因此,我只是尝试使用SelectorGadget
(Chrome扩展程序)提取CSS标签,但是当我尝试获取有关BeautifulSoup返回none
之类的任何信息时,我没有发现问题所在。
下面是我写的代码:
from os import sys
import requests
from bs4 import BeautifulSoup
import re
try:
# checking url format
url_pattern = re.compile("^(?:http|https|ftp):\/\/[a-zA-Z0-9_~:\-\/?#[\]@!$&'()*+,;=`^.%]+\.[a-zA-Z0-9_~:\-\/?#[\]@!$&'()*+,;=`^.%]+$")

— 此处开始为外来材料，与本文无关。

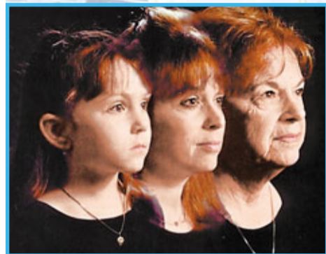
未來延長生命，可能要靠納米科技修復受損組織。圖為一名西方女子的衰老過程。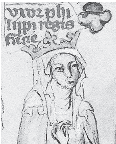
Неизвестный художник. Агнесса Меранская. XIV в.

Очень важно и то, что он проникает в Центральную Европу, например в Польшу. Там он боролся за моральную чистоту. Понятно, что это только лозунг. Правда, в личной жизни Иннокентий III не был таким вызывающим развратником, какими были и будут — особенно будут — многие римские папы. Идеализирующий его Л. Ранке пишет: «Он был безупречен в своей частной жизни». Насчет безупречности — это преувеличение, но дальше трогательное: «Он ничего не извлекал для себя из достоинства Церкви, даже расходы на путешествия оплачивались его личными средствами». То есть он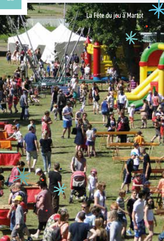
La Fête du jeu à Martot

Salle des fêtes, Place Paul Vaur ☎ 02 32 40 17 50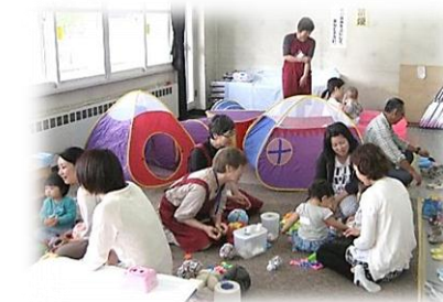
乳幼児と保護者対象の「子育てサロン」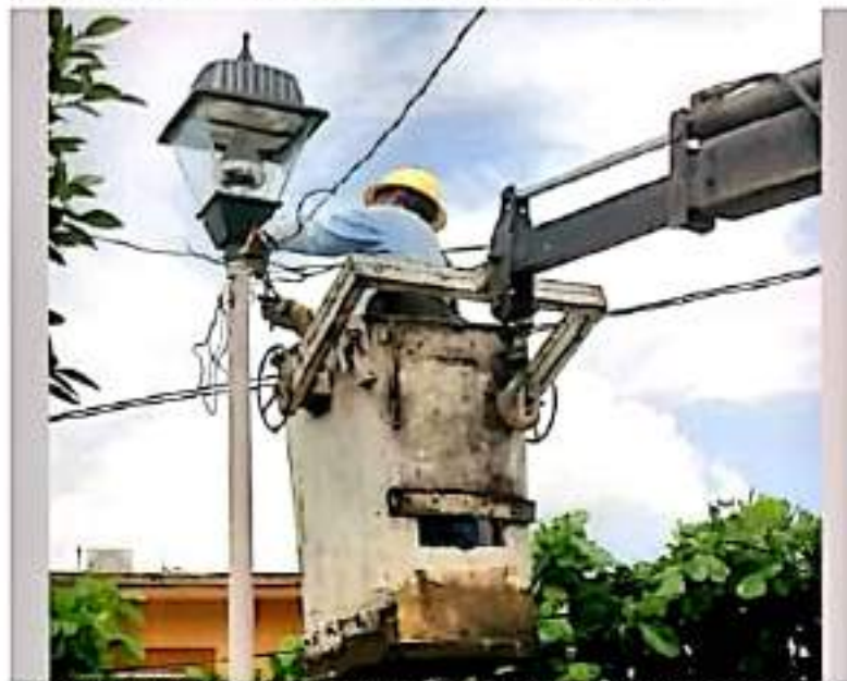
CD. LÁZARO CÁRDENAS, MICH.- El Departamento de Alumbrado Público, llevó a cabo la colocación de 400 lámparas de 40, 50 y 70 watts de tecnología LED en diversas colonias del municipio.

Asimismo, indicó que en coordinación con Tránsito Municipal se encuentra trabajando en la reparación de los semáforos de Lázaro Cárdenas.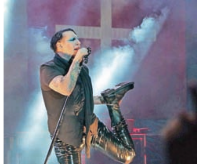
Karizmatični Marilyn Manson je na festivalu MetalDays mnoge razočaral.

ramenih istih bendov. Redni obiskovalci festivala smo tako že malo naveličani glasbene ponudbe, sploh kar se tiče velikih imen. Kljub temu pa so nekateri nosilci festivala postregli z odličnimi nastopi. Izpostaviti velja Amon Amarth, ki so skozi leta močno dvignili raven svojega nastopa in sedaj na odru poleg močne pirotehnik in posebnih kulis uprizarjajo že prave vikinške boje mož na moža. Največje razočaranje festivala pa je bil gotovo Marilyn Manson, ki očitno računa samo še na staro slavo, saj je deloval, kot da ga bo na odru pobralo, pel zelo slabo in koncert zaključil pol ure prej, kot je bilo napovedano.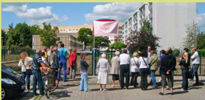
Künftige Schrebergärtner und Gutburg-Mieter freuten sich bei der Eröffnung am 27. Mai 2011 darauf, die »Grüne Aue« in Besitz zu nehmen.

Gartenanlage Grüne Aue Gutburg Mieterservice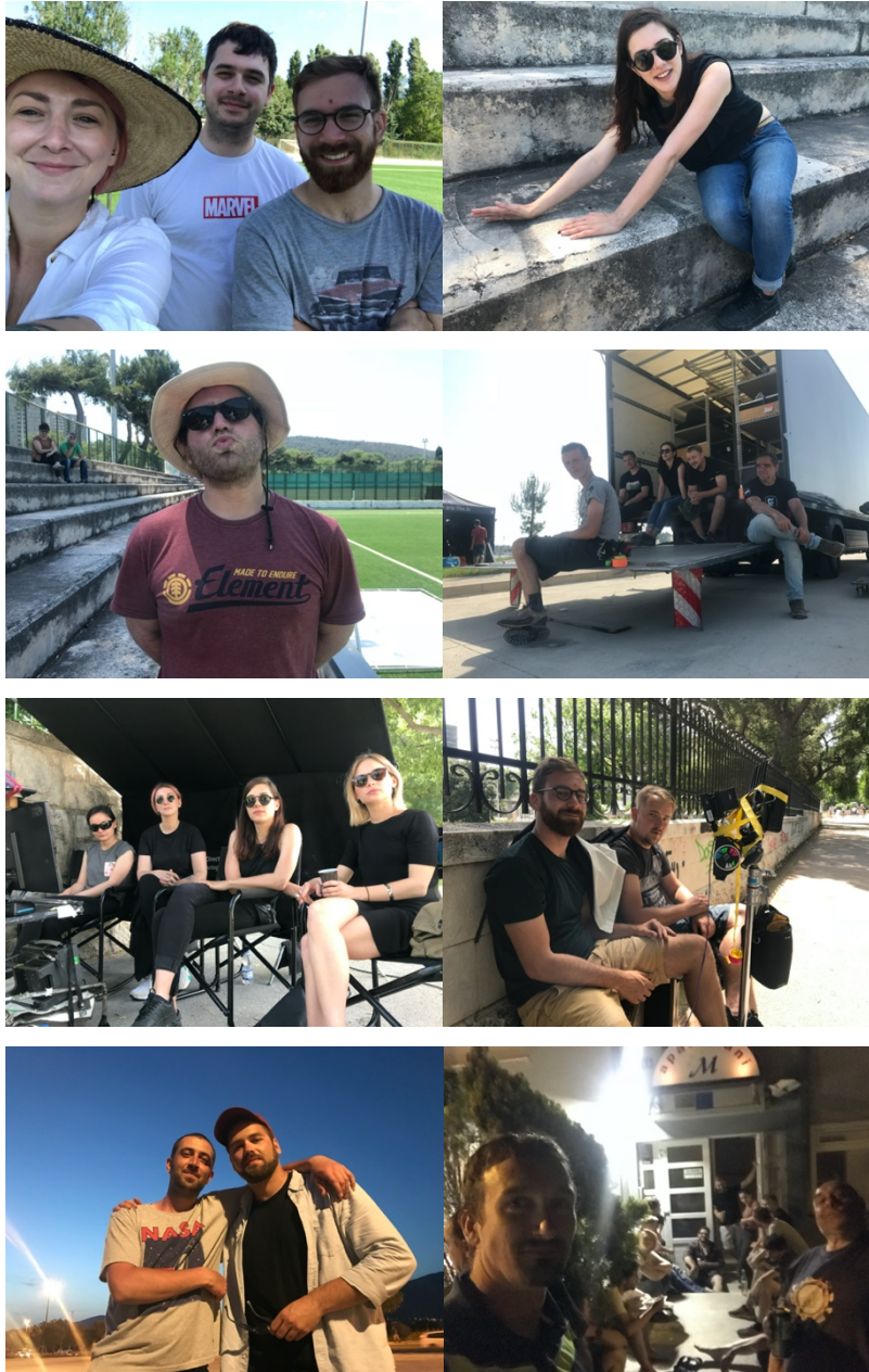
Slika 23: Ekipa filma „Mali Libero“

# playlist_url = input("Enter your youtbe playlist url: ")
# getting input directly from user commandline
playlist_url = sys.argv[1]
if not bool(url_pattern.match(playlist_url)) :
raise ValueError("Enter valid link")
get_links_from_youtube_playlist(playlist_url)
except ValueError as value_error:
print(value_error)
然后将URL传递给另一个函数:
def get_links_from_youtube_playlist(youtube_playlist_url):
request_response = requests.get(youtube_playlist_url)
# using "html.parser" lib
# soup_object = BeautifulSoup(request_response.text, 'html.parser')
# using "lxml" - Processing XML and HTML with Python
soup_object = BeautifulSoup(request_response.text, 'lxml')
# not working?!
url_list = soup_object.select("#video-title")
print(url_list)
# this is not working too?!
div_content = soup_object.find("div", attrs={"class" : "content"})
print(div_content)
此外,我通过以下命令运行它:
python3 test.py https://www.youtube.com/playlist\?list\=PLZHQObOWTQDPD3MizzM2xVFitgF8hE_ab
在select
或f enter code here
ind方法之后打印BeautifulSoup对象时,我的输出为None。因为页面中存在ID,它是否应该找到有意义的东西?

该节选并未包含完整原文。